### Dataset content:

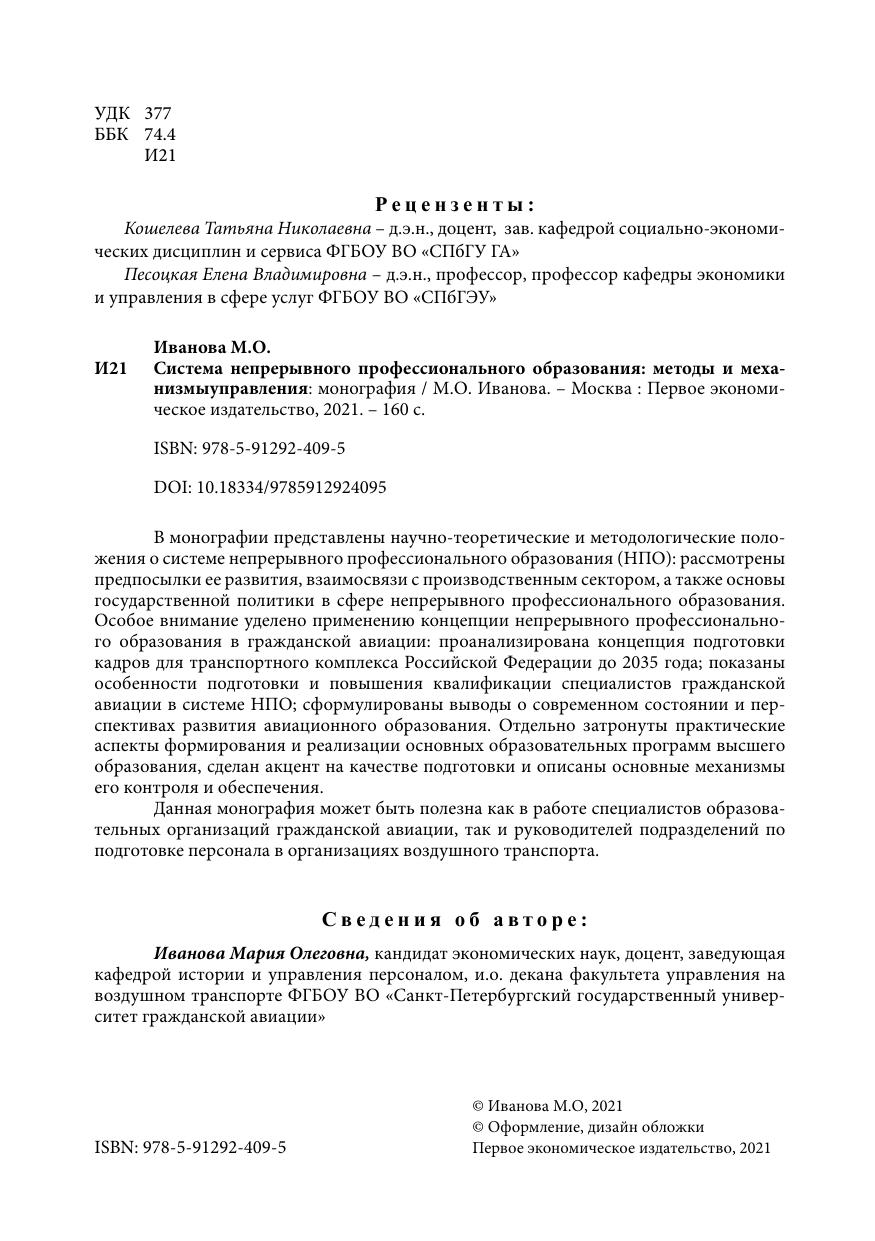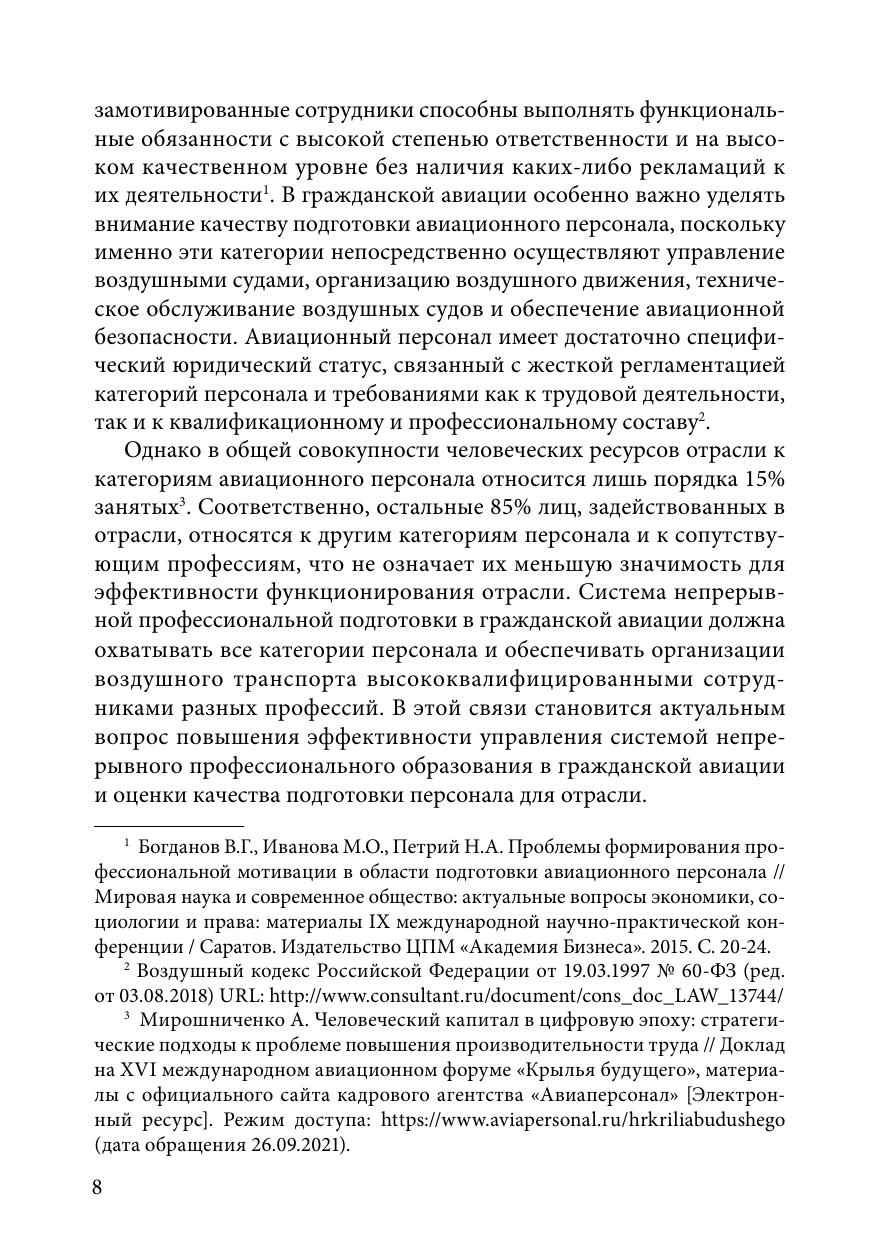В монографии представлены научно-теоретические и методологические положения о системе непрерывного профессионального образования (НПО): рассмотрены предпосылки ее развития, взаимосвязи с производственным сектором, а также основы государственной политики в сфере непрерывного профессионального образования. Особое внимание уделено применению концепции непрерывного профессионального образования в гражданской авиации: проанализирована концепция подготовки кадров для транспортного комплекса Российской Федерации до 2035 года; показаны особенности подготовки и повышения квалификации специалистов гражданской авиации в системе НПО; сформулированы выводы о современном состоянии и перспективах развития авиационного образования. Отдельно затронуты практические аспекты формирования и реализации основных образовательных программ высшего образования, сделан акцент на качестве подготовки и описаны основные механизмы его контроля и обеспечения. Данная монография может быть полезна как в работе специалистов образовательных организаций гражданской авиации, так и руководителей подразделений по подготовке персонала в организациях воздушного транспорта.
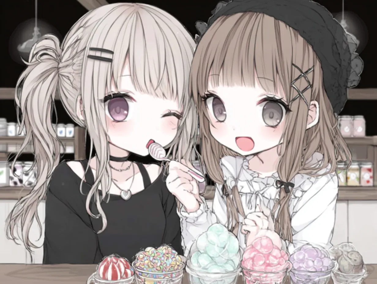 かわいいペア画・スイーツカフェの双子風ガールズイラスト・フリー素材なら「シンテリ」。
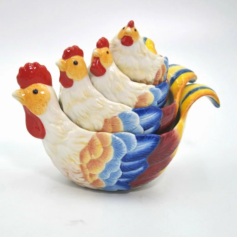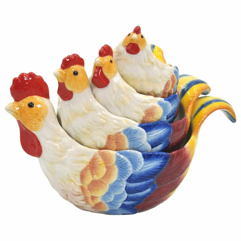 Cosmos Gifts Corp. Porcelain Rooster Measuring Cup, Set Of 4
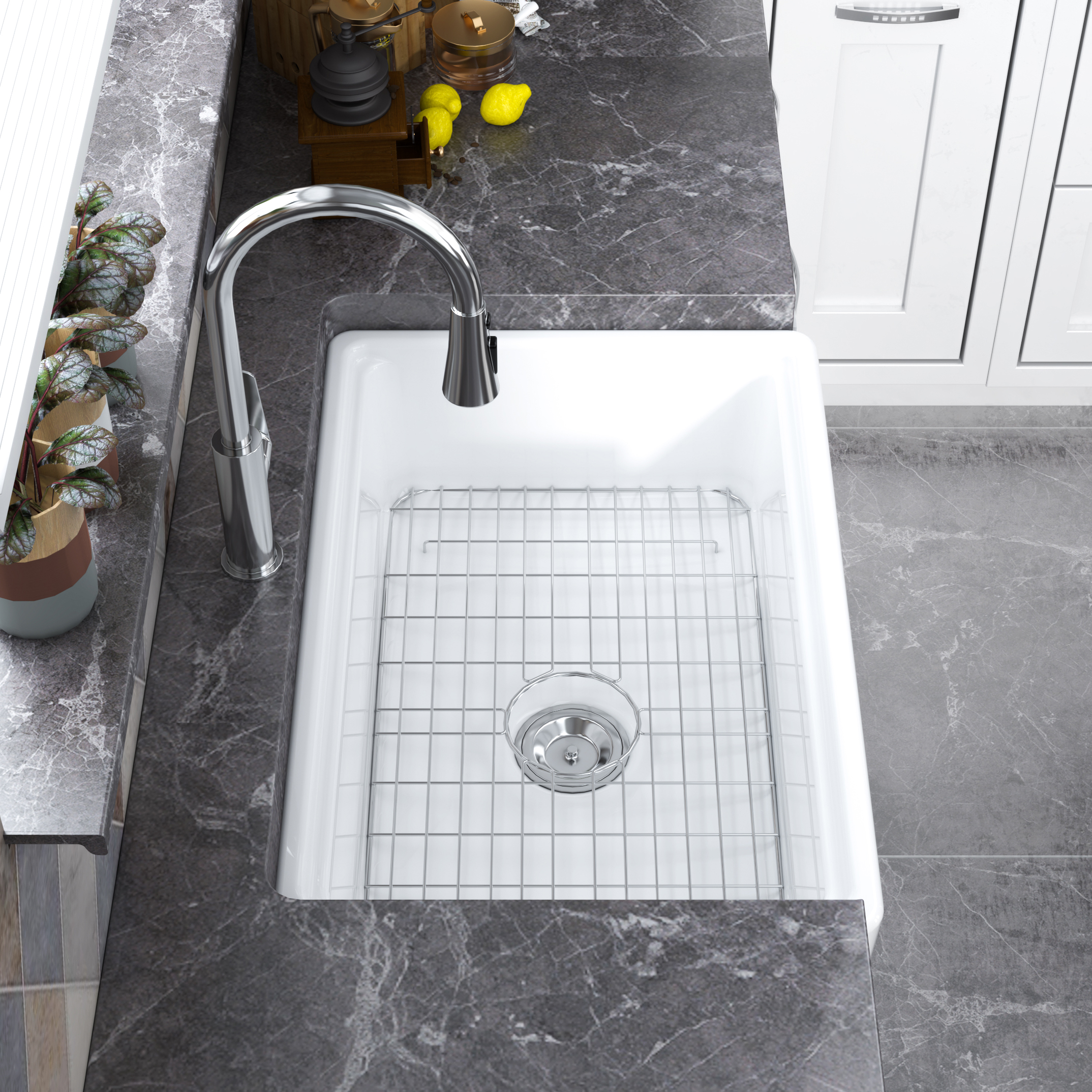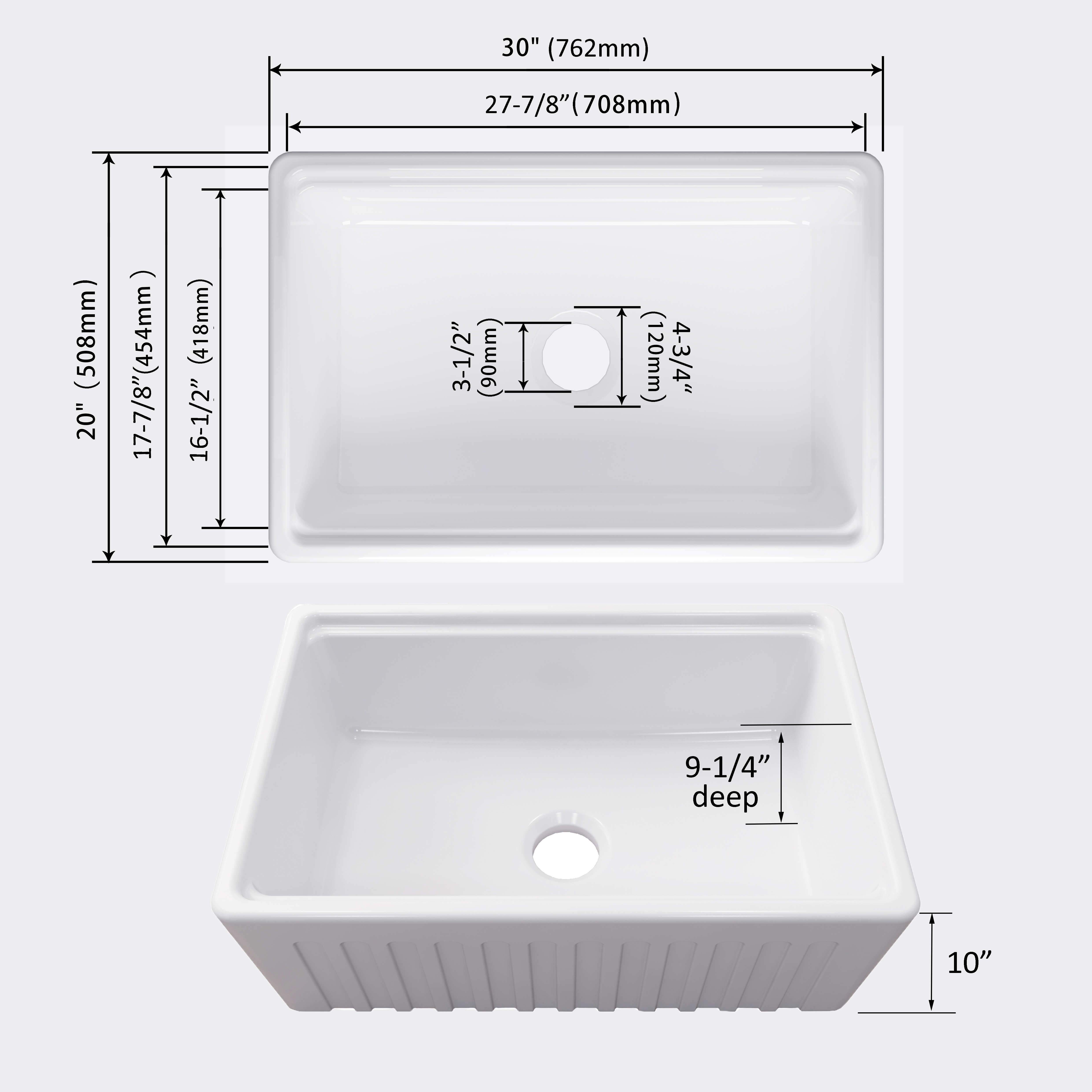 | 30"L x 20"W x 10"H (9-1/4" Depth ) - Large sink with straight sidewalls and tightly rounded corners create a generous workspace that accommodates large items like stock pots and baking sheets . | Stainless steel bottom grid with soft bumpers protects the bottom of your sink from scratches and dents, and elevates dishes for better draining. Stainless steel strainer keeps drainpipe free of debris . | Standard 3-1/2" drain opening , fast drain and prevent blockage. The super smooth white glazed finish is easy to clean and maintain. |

### Your objective:
The result should be an exact copy of only the lines above from the one that holds "かわいいペア画・スイーツカフ" through the one that holds "Cosmos Gifts Corp.", both ends included, without pictures.

### Answer to this exercise:
 かわいいペア画・スイーツカフェの双子風ガールズイラスト・フリー素材なら「シンテリ」。
 Cosmos Gifts Corp. Porcelain Rooster Measuring Cup, Set Of 4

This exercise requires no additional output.